The Benedictine Abbey of Saalfeld was an important medieval Benedictine monastery and Imperial Abbey in Saalfeld, Thuringia, Germany. As an imperial abbey, the monastery was under the direct auspices of the Holy Roman Emperor, and enjoyed a degree of sovereignty equivalent to a small micro state within the Empire. The monastery was founded in 1071 and existed until 1526, when it was secularised during the Reformation.

The abbey was founded in 1071 (or 1074). The medieval historian Lambert of Hersfeld, held that Anno II, Archbishop of Cologne founded the Benedictine monastery of St. Peter and Paul in 1074 with religious independence and a bequest of land and assets. In 1124 Pope Honorius II confirmed the founding as did the Archbishop of Mainz the following year. Lambert's chronicles are the only written sources on the region's history for much of the High Middle Ages.

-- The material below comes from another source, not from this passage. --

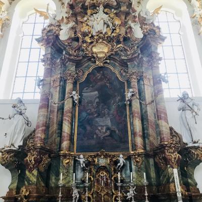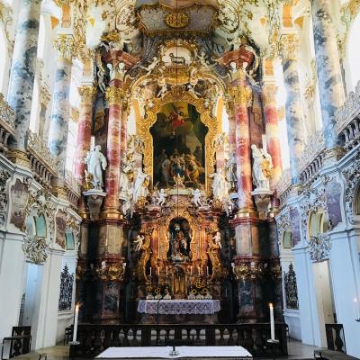 ミュンヘン駅集合のノイシュバンシュタイン城とヴィース教会、フュッセンをめぐるランチ付きのVELTRA日帰りツアーで行ってきました。ミュンヘン駅からバスで1時間もかからない距離です。高原の中にポツンとある、外から見る限りはごく普通の教会ですが、中に入ると壁一面に描かれている絵画や装飾の鮮麗さに言葉が出てきませんでした。私たちはツアーだったので楽でしたが、電車はバスで行くには大変そうです。

The monastery quickly became the ecclesiastical center of power in eastern Thuringia and was the starting point of the Christianization of the surrounding area. The town grew along with the rise of the monastic power. At its founding there was a hamlet, the fishing village Altsaalfeld, located nearby on the banks of the river. As the town grew the abbey was just outside the medieval town.

There is evidence that the monastery set up houses of prayer (Propsteien), at Coburg at the site of today's Veste Coburg (from 1075) and at Probstzella. The abbey at Saalfeld claimed the status of a direct imperial Fürstabtei and so was a secular principality within the territorial area of Thuringia. Emperor Maximilian I in 1497 endowed the abbey with the National Regalia.